Exercise prompt:
Among the records below, find the line with "Design in einem" and the line with "上面的兩種情況,說明數?;旌". Set down both and every line between, exactly and with no pictures, but nothing else.

Entries supplied:
[Start of Attachment]

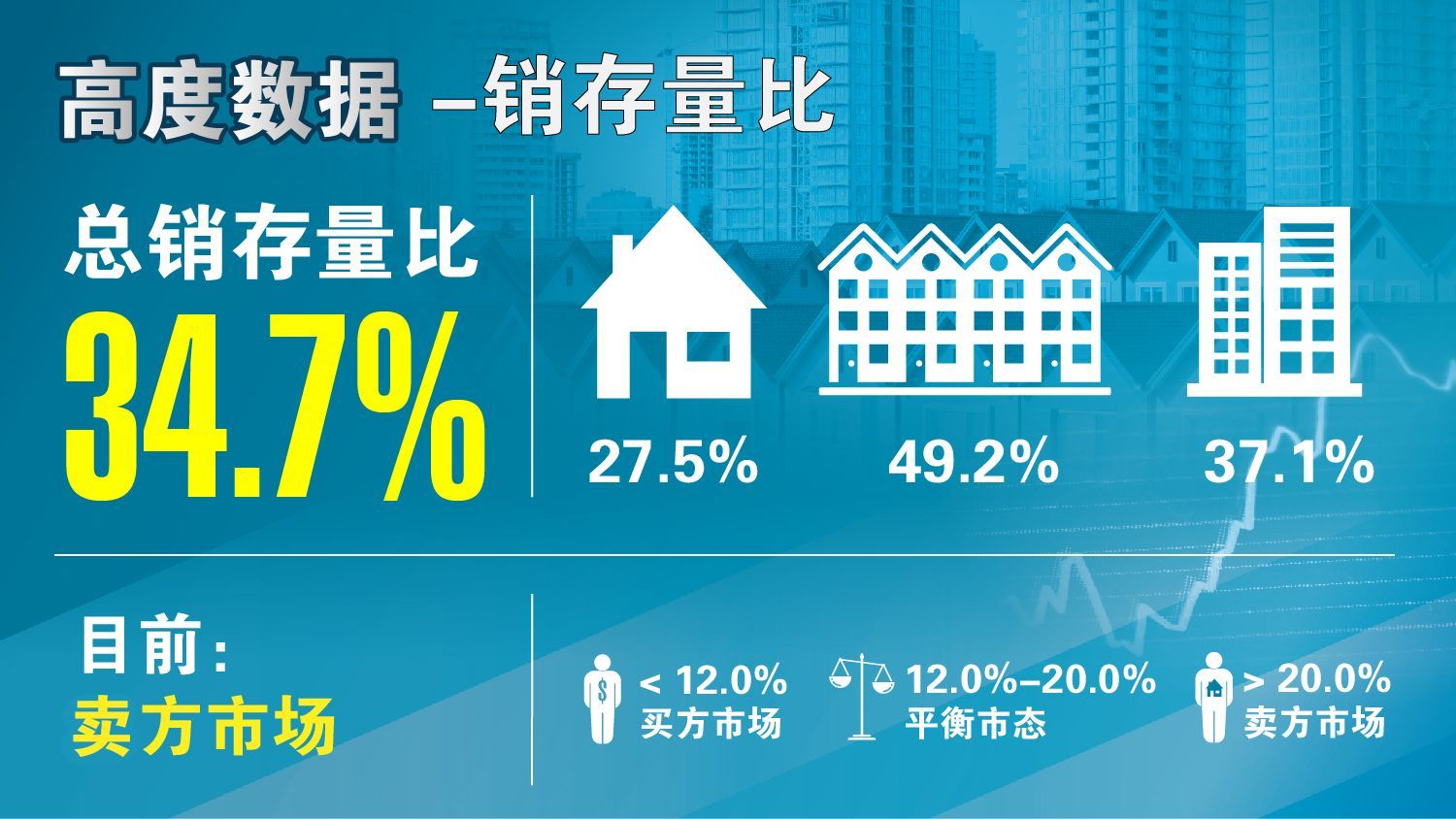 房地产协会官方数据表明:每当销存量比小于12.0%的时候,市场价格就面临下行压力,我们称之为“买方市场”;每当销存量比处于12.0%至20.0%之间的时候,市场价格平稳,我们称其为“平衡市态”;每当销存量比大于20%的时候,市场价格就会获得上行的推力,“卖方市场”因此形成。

[End of Attachment]
[Start of Attachment]

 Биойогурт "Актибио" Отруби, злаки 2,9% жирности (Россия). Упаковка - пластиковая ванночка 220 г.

[End of Attachment]
[Start of Attachment]

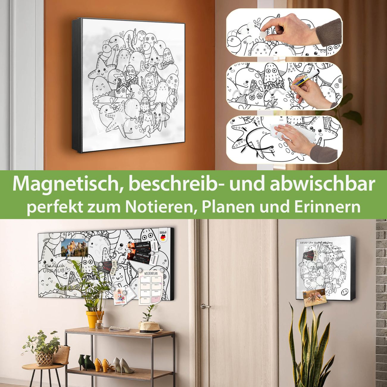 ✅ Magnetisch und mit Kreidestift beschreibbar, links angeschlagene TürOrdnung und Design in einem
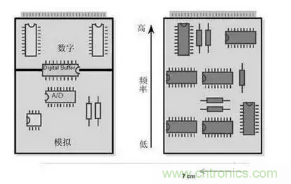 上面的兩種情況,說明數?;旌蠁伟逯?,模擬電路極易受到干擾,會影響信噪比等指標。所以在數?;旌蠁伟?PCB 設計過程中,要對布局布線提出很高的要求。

[End of Attachment]

Result:
 ✅ Magnetisch und mit Kreidestift beschreibbar, links angeschlagene TürOrdnung und Design in einem
 上面的兩種情況,說明數?;旌蠁伟逯?,模擬電路極易受到干擾,會影響信噪比等指標。所以在數?;旌蠁伟?PCB 設計過程中,要對布局布線提出很高的要求。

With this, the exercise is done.